Glossary
Lagrange Error Bound
A formula used to determine the maximum possible error when a function is approximated by a Taylor polynomial, providing an upper bound for the remainder.
Example:
After approximating e^0.5 with a Taylor polynomial, you'd use the Lagrange Error Bound to guarantee that your approximation is accurate to within a certain number of decimal places.
Maclaurin Polynomial
A special type of Taylor polynomial that is centered specifically at x=0, providing a polynomial approximation of a function around the origin.
Example:
To approximate the value of cos(0.1), you might use a third-degree Maclaurin polynomial for cos(x), which simplifies the calculations since it's centered at zero.
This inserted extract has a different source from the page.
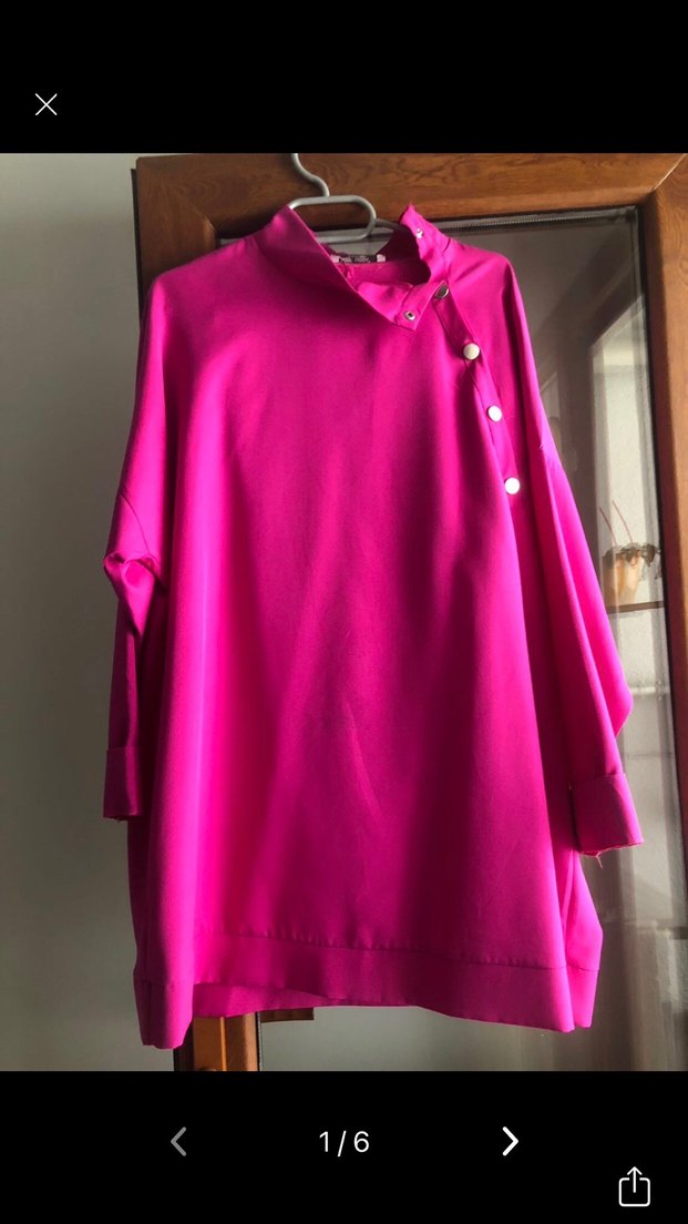 Pembe renkte, düğmeli, yüksek yakalı ve uzun kollu salaş ikili takım ve günlük kullanıma uygundur.

Remainder of a Taylor Polynomial
The difference between the actual value of a function and the value given by its Taylor polynomial approximation, representing the error in the approximation.
Example:
When approximating sin(x) with a third-degree Taylor polynomial, the remainder of a Taylor polynomial quantifies how much the polynomial's output deviates from the true sin(x) value.
Taylor Polynomial
A polynomial approximation of a function at a specific point 'a', constructed using the function's derivatives evaluated at that center point.
Example:
If you need to estimate sqrt(4.1) without a calculator, you could use a second-degree Taylor polynomial for sqrt(x) centered at x=4 to get a very close approximation.